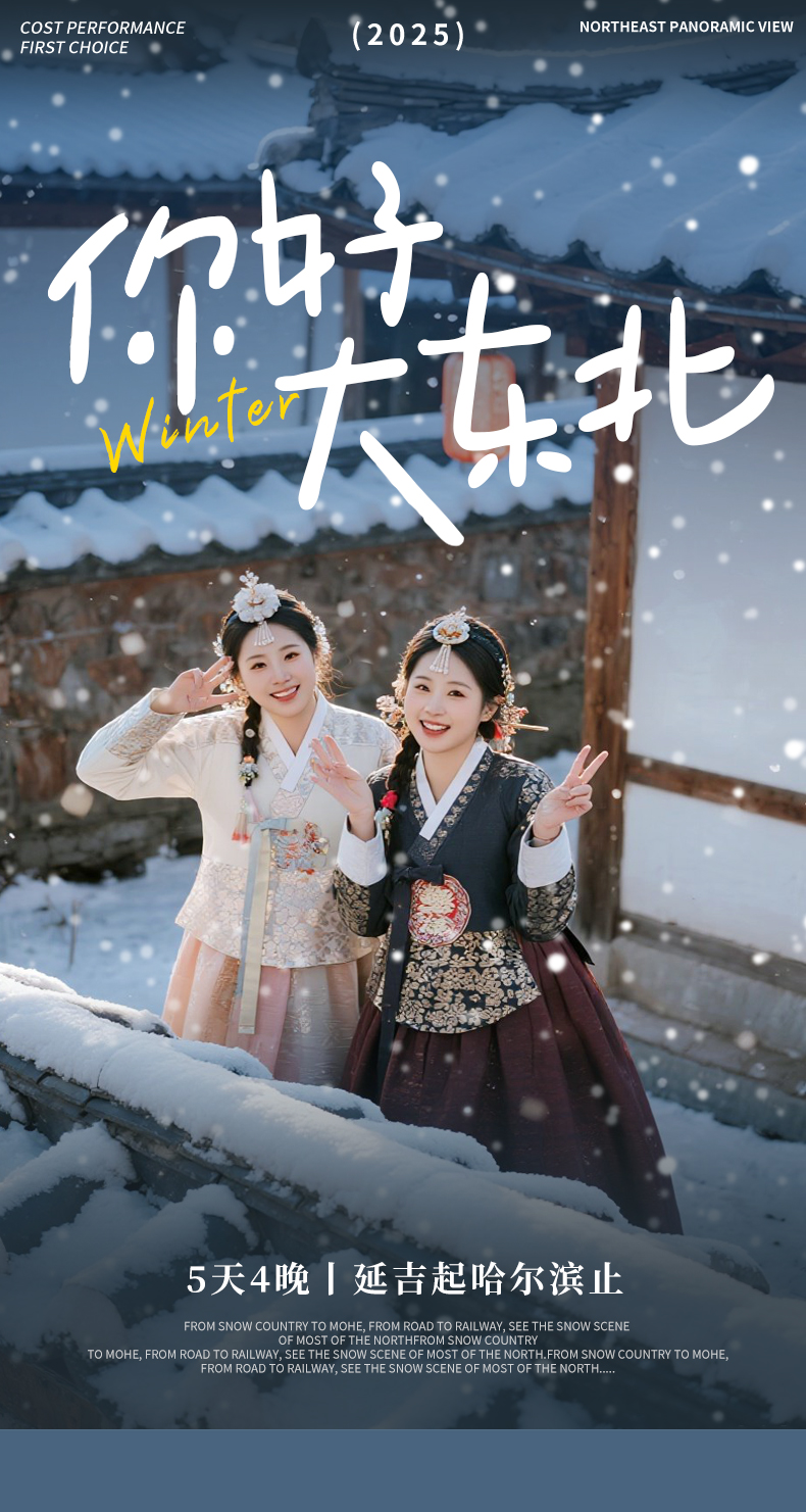 全天 延吉,是一座充满朝鲜族风情的城市! 漫步街头,仿佛置身韩剧片场:满眼双语招牌闪耀,朝鲜语呢喃萦绕耳畔。西市场的五彩斑斓、大学墙的青春活力、民俗园的华服倩影... 这座中朝边境的活力之都,用最浓烈的色彩、最炽热的美食、最独特的腔调,让人沉醉!今日我们全天结合,大家可以直接购买从全国各地飞往延吉朝阳川机场的机票,也可以购买抵达延吉西的高铁票。
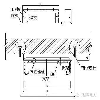 (6)电缆引下点位置及引下方式,一般而言,大批电缆引下可用垂直弯接板和垂直引上架,少量电缆引下可用导板或引管,注明引下方式即可。
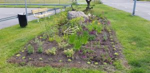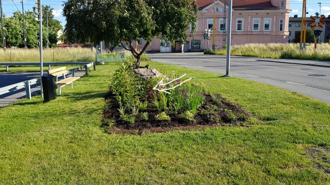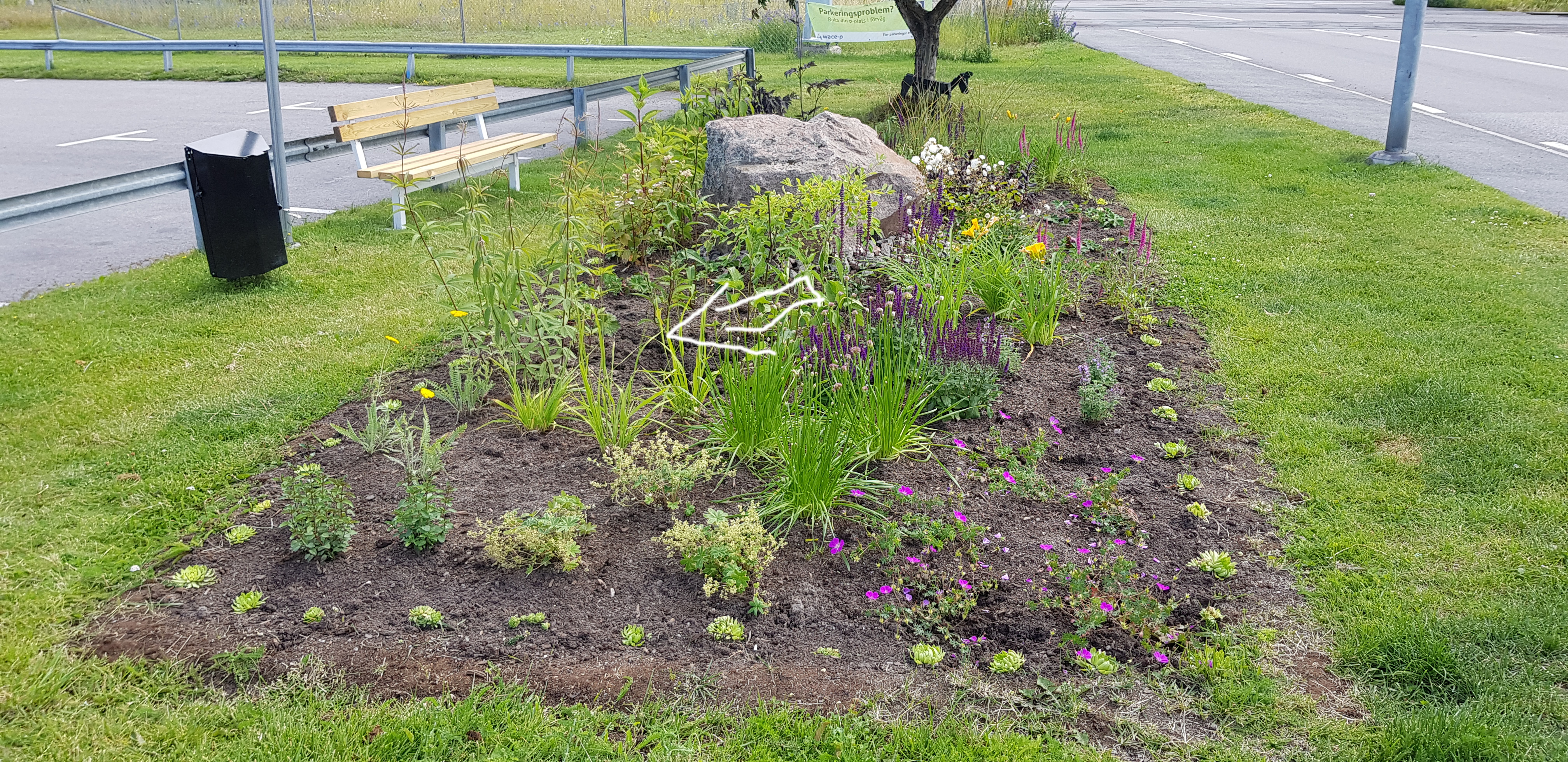 Tyvärr har någon redan nu inte kunnat hålla fingrarna i styr. Denne har varit i rabatten vid järnvägsövergången och tagit en av silveraxarna som planterades.
....................
■ Requirement ■
Everything in the listing must be copied exactly except the pictures.

■ Response for this exercise ■
 全天 延吉,是一座充满朝鲜族风情的城市! 漫步街头,仿佛置身韩剧片场:满眼双语招牌闪耀,朝鲜语呢喃萦绕耳畔。西市场的五彩斑斓、大学墙的青春活力、民俗园的华服倩影... 这座中朝边境的活力之都,用最浓烈的色彩、最炽热的美食、最独特的腔调,让人沉醉!今日我们全天结合,大家可以直接购买从全国各地飞往延吉朝阳川机场的机票,也可以购买抵达延吉西的高铁票。
 (6)电缆引下点位置及引下方式,一般而言,大批电缆引下可用垂直弯接板和垂直引上架,少量电缆引下可用导板或引管,注明引下方式即可。
 Tyvärr har någon redan nu inte kunnat hålla fingrarna i styr. Denne har varit i rabatten vid järnvägsövergången och tagit en av silveraxarna som planterades.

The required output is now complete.